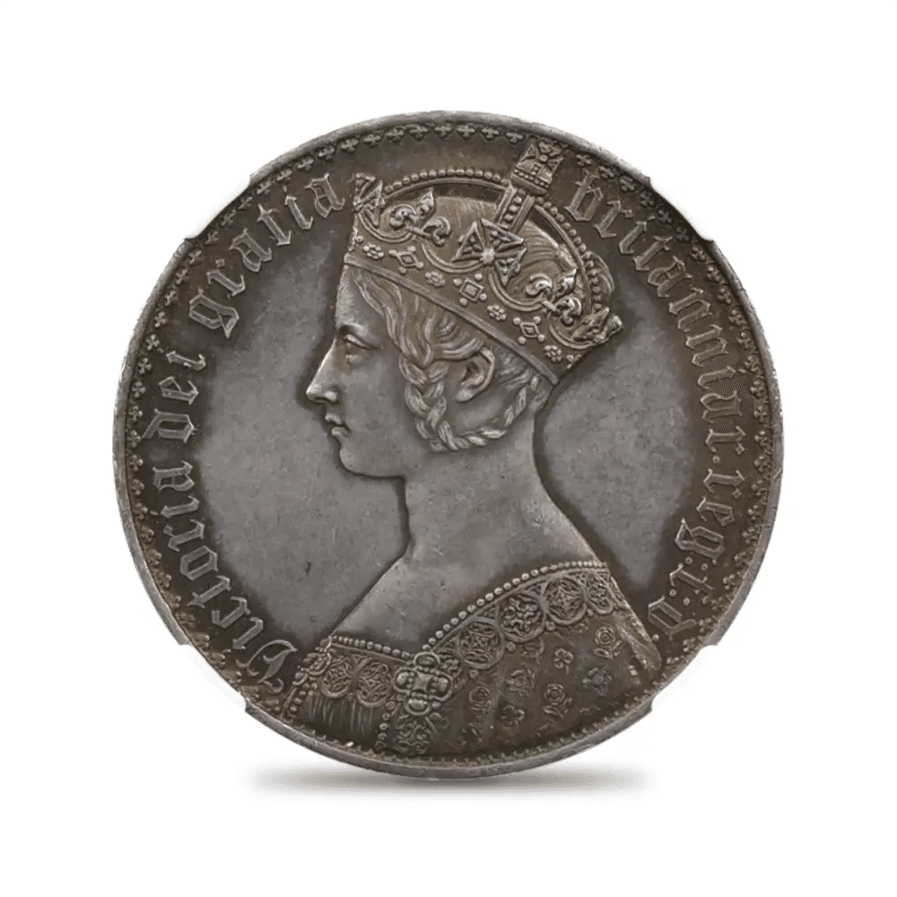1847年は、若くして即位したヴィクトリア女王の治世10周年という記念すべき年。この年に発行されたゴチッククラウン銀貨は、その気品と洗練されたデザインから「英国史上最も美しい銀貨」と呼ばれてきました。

* * *

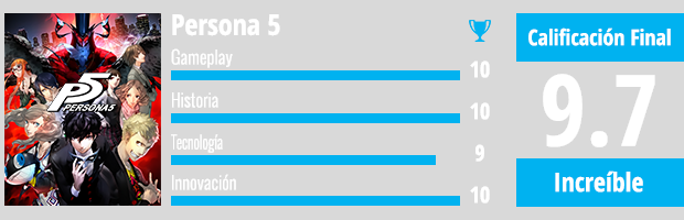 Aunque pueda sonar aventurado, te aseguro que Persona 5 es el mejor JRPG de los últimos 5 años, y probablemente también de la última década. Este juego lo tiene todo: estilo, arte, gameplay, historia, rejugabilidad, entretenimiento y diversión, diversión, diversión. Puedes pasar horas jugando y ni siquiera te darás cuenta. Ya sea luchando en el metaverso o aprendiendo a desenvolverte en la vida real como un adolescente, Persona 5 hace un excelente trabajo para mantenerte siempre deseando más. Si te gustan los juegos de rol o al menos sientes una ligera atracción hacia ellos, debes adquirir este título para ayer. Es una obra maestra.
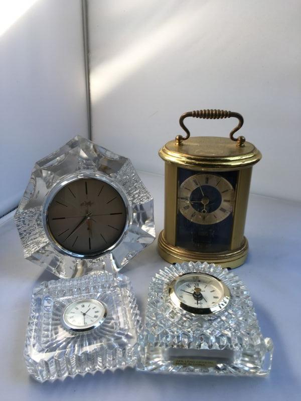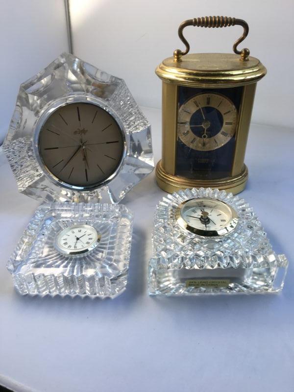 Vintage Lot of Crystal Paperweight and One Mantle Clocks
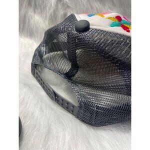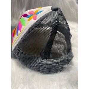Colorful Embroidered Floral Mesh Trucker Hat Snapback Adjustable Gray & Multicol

==

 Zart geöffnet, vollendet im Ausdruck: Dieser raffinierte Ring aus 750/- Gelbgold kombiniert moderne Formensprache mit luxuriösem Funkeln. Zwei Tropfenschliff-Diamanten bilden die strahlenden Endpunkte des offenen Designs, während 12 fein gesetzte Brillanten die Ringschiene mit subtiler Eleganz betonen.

What to produce: Look back over the records above. Reproduce exactly everything from the line with "Aunque pueda sonar" down to the line with "Colorful Embroidered Floral", inclusive, and leave the pictures out.

Solution for this exercise:
 Aunque pueda sonar aventurado, te aseguro que Persona 5 es el mejor JRPG de los últimos 5 años, y probablemente también de la última década. Este juego lo tiene todo: estilo, arte, gameplay, historia, rejugabilidad, entretenimiento y diversión, diversión, diversión. Puedes pasar horas jugando y ni siquiera te darás cuenta. Ya sea luchando en el metaverso o aprendiendo a desenvolverte en la vida real como un adolescente, Persona 5 hace un excelente trabajo para mantenerte siempre deseando más. Si te gustan los juegos de rol o al menos sientes una ligera atracción hacia ellos, debes adquirir este título para ayer. Es una obra maestra.
 Vintage Lot of Crystal Paperweight and One Mantle Clocks
Colorful Embroidered Floral Mesh Trucker Hat Snapback Adjustable Gray & Multicol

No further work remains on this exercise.